Overview#Password Periodic Changes or Forced Password Change are a long-standing security practice designed to periodically lock out unauthorized users who have learned users’ passwords.
While some experts began questioning this practice at least a decade ago, it was only in the past few years that published research provided evidence that this practice may be less beneficial than previously thought, and sometimes even counterproductive.

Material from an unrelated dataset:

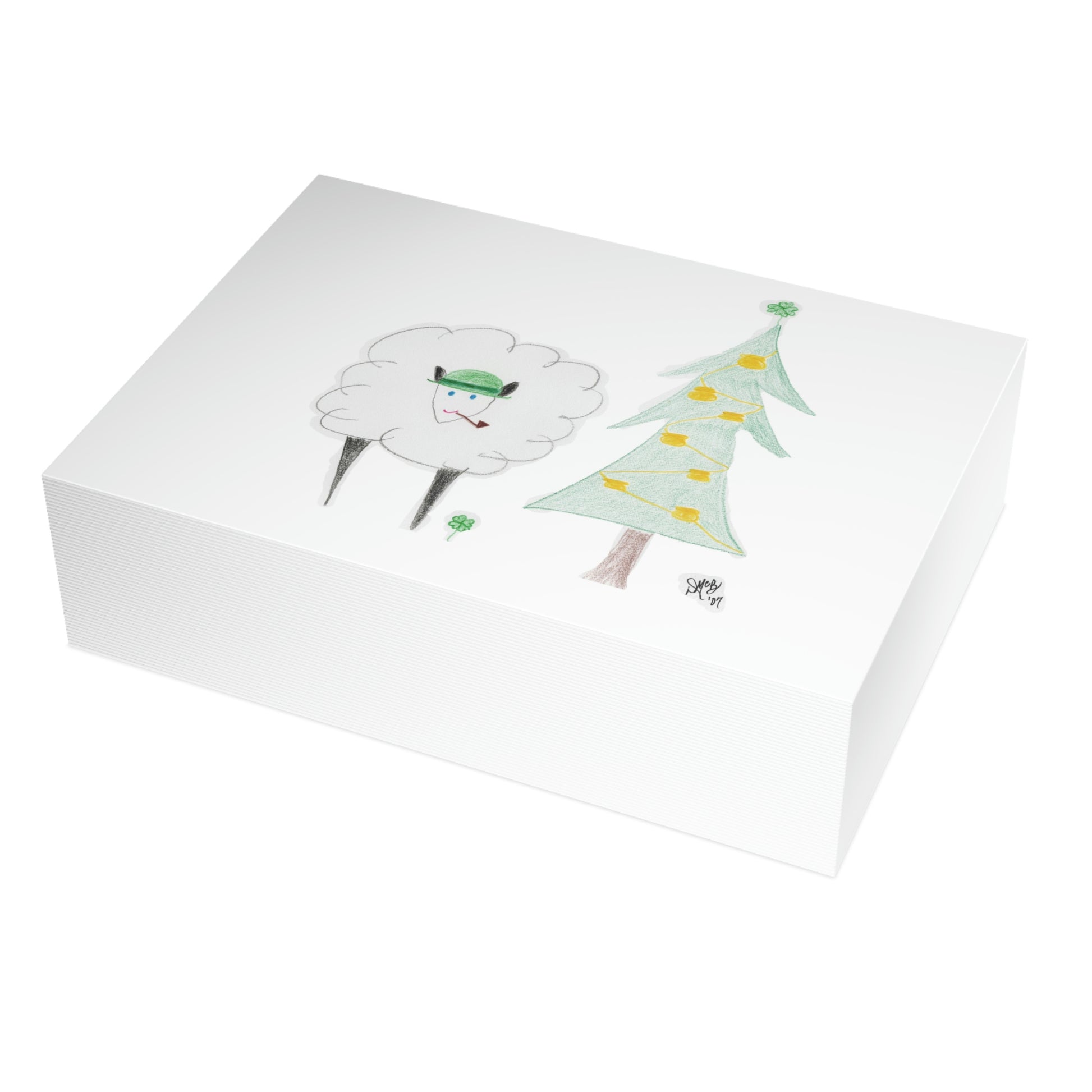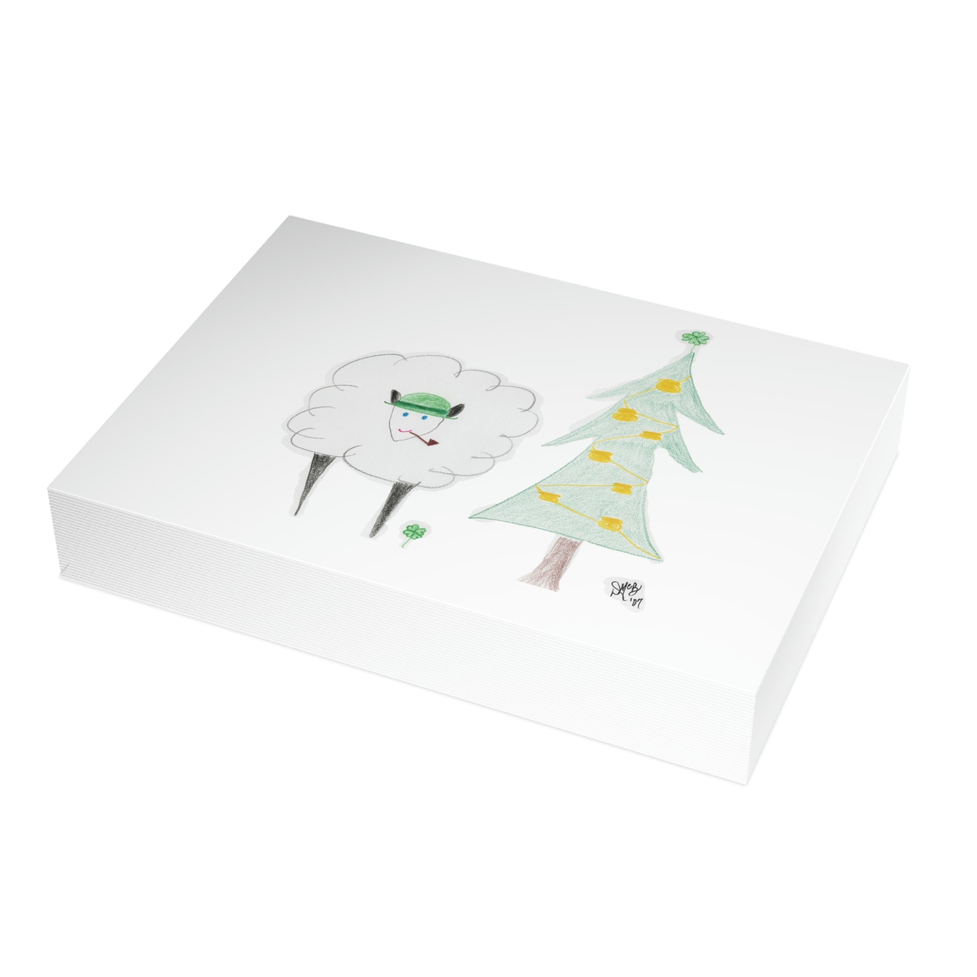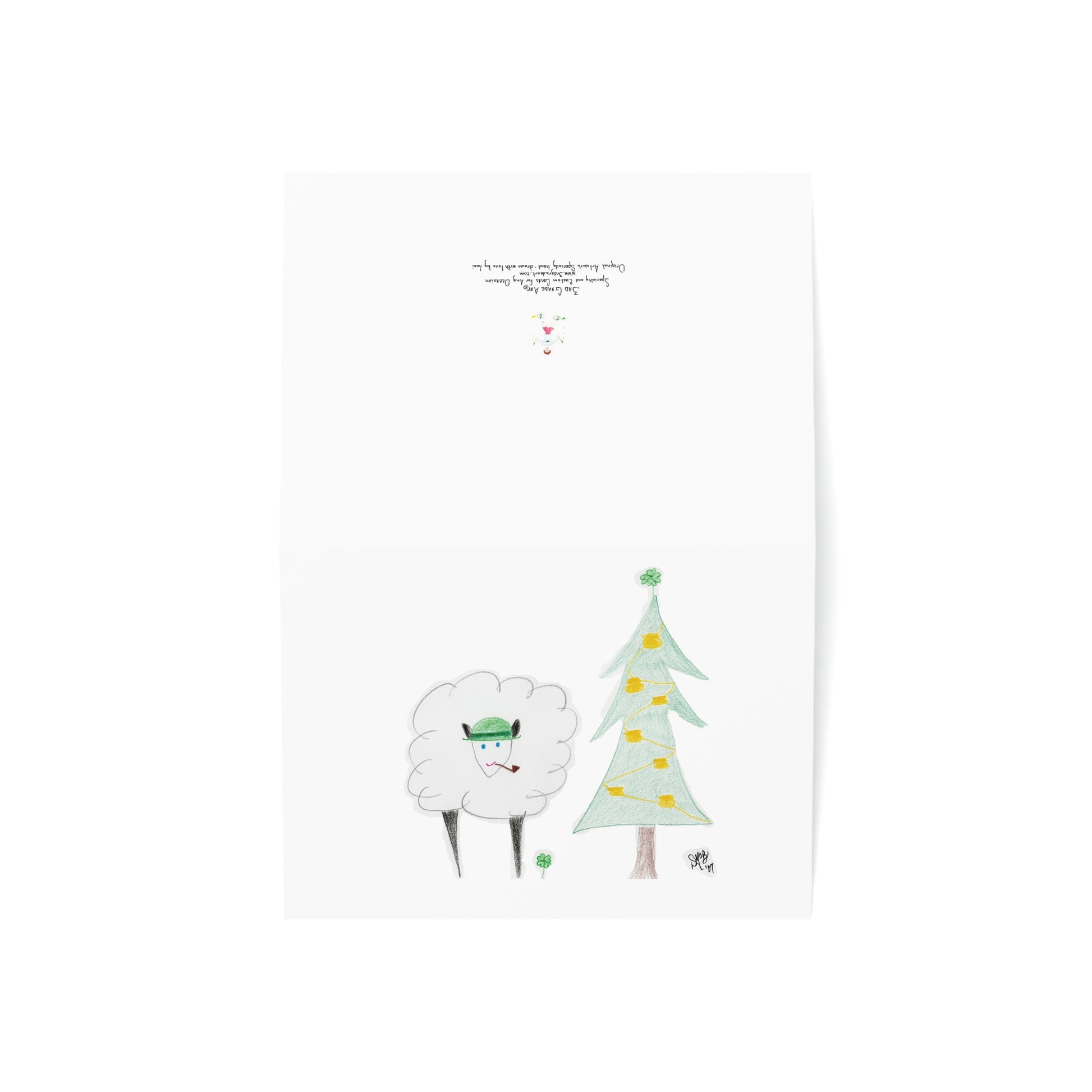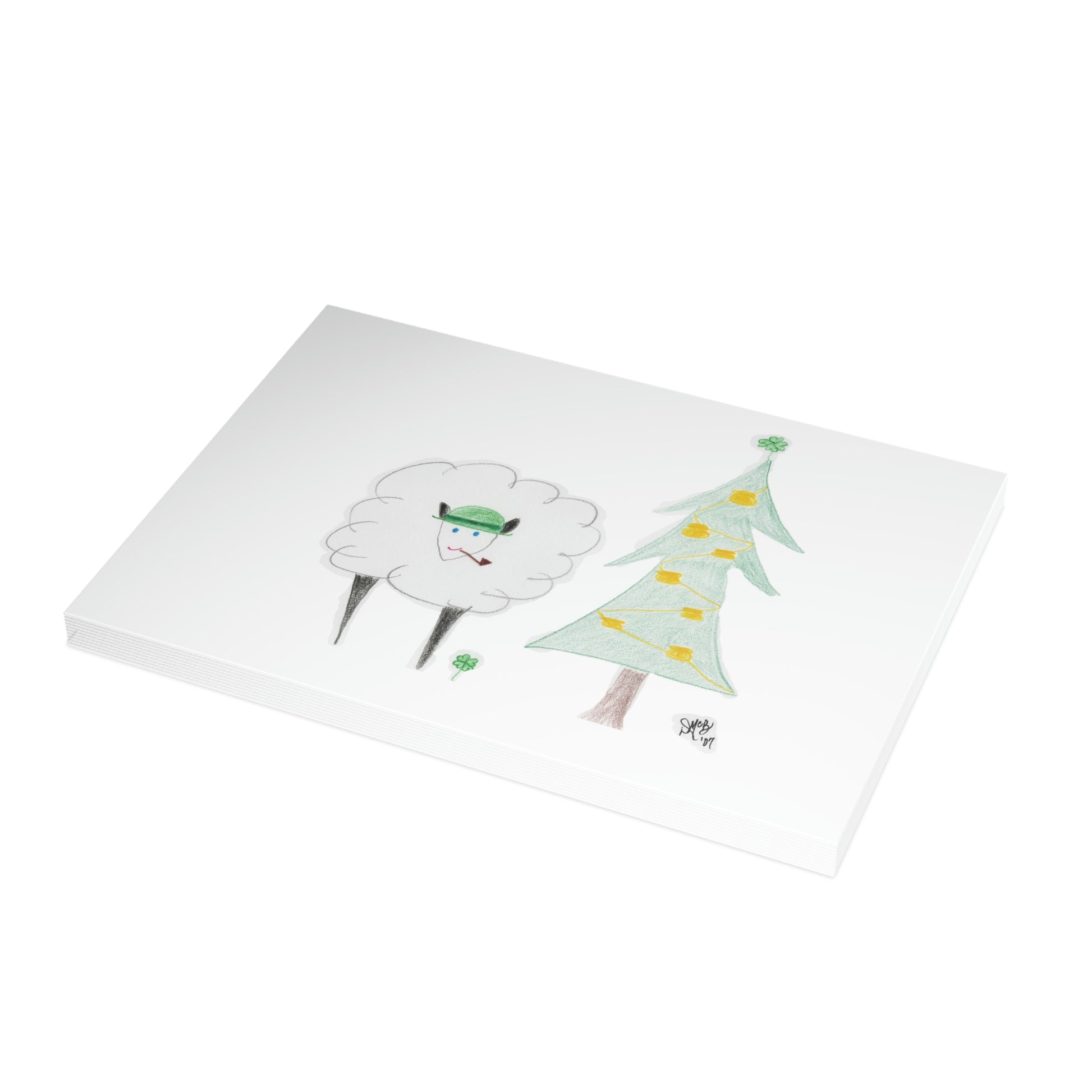 5x7 landscape greeting card – Irish Ewe a Merry Christmas - A cute little sheep wearing an Irish hat, and has a pipe. The Christmas tree is decorated with pots of gold and adorned with a shamrock for a star. I love using sheep/ewes for "you" and there are several cards in my collections that reflect that. For several years, I would hold back a design to use for myself. Once it was sent out to the recipients, I would post it for public consumption. These cards hold a special place in my heart, as each year a picture of all my "kids" would be sent with the cards, and they were often dressed/staged in the theme of the card. Original drawing is colored pencil on paper, scanned in and placed on the card.

A few peer-reviewed papers that address this issue:
- Microsoft- removing password-expiration policies
- "When humans are forced to change their passwords, too often they’ll make a small and predictable alteration to their existing passwords, and/or forget their new passwords."
- The Security of Modern Password Expiration An Algorithmic Framework and Empirical Analysis
- Quantitative measure of the impact of password expiration policies
- Time to rethink mandatory password changes
The National Institute of Standards and Technology (NIST) explained in a 2009 publication on enterprise password management that while password expiration mechanisms are "beneficial for reducing the impact of some password compromises", they are "ineffective for others" and "often a source of __frustration__ to users." They went on to encourage organizations to balance security and usability needs, outlining some factors to consider. NIST emphasized that other aspects of password policies may have greater benefits than mandatory expiration, including requirements for password length and complexity, as well as use of slow hash Functions with well-chosen “salt” (a technique to make sure that if two users have the same password they won’t look the same when hashed).